- Country: North Korea
- Location: North Hamgyong Province
- Coordinates: 41°20′57.55″N 129°23′25.18″E﻿ / ﻿41.3493194°N 129.3903278°E
- Status: Commissioned
- Construction began: 1981
- Commission date: 5 August 2022
- Owner: Government of North Korea

Power generation
- Capacity factor: 134500kw

= Orangchon Power Stations =

Hydroelectric power stations in North Korea

Orangchon Power Project is an ongoing hydroelectric construction project, described as North Korea's "most ambitious hydroelectric projects during the past thirty years". The project crosses 45 km of the Orang River and stretches through 40 km of water tunnels, past 4 dams and 5 power stations.
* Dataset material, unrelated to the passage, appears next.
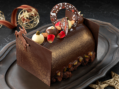 クリスマスの定番である「ブッシュ・ド・ノエル」。この贅沢な美味しさを大切な方と一緒にお楽しみください!
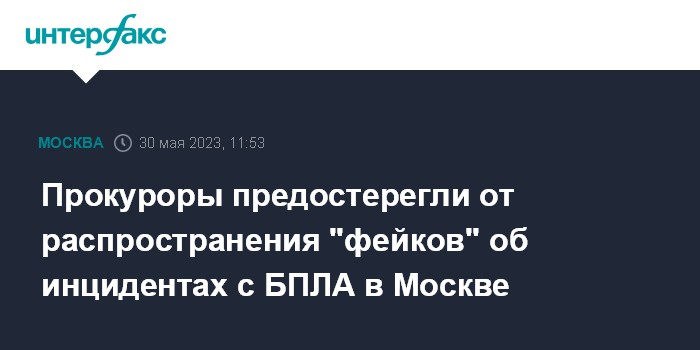 Москва. 30 мая. INTERFAX.RU - Прокуратура Москвы напомнила об уголовной и административной ответственности за распространение недостоверных сведений на фоне появления в соцсетях "фейков" о ситуации с беспилотниками в столице.

The country estimates that the project will produce 134,500 kW in energy.

== History ==
The project began under the leadership of Kim Il Sung in 1981 but stagnated for a variety of reasons, but resumed in 2000 when Kim Jong Il visited the site and assigned "national priority" to the completion of the project. In 2018, Kim Jong Un visited the site and was reportedly "extremely furious" over lax management when he inspected the site.

== Present ==
In August 2022, the final power station was built, Orangchon Power Plant No.3, 41 years after North Korea's former leader Kim Il Sung first announced it. An audit statement of Power Plant No.3 concluded that the facility assembly and transmission line construction was performed well.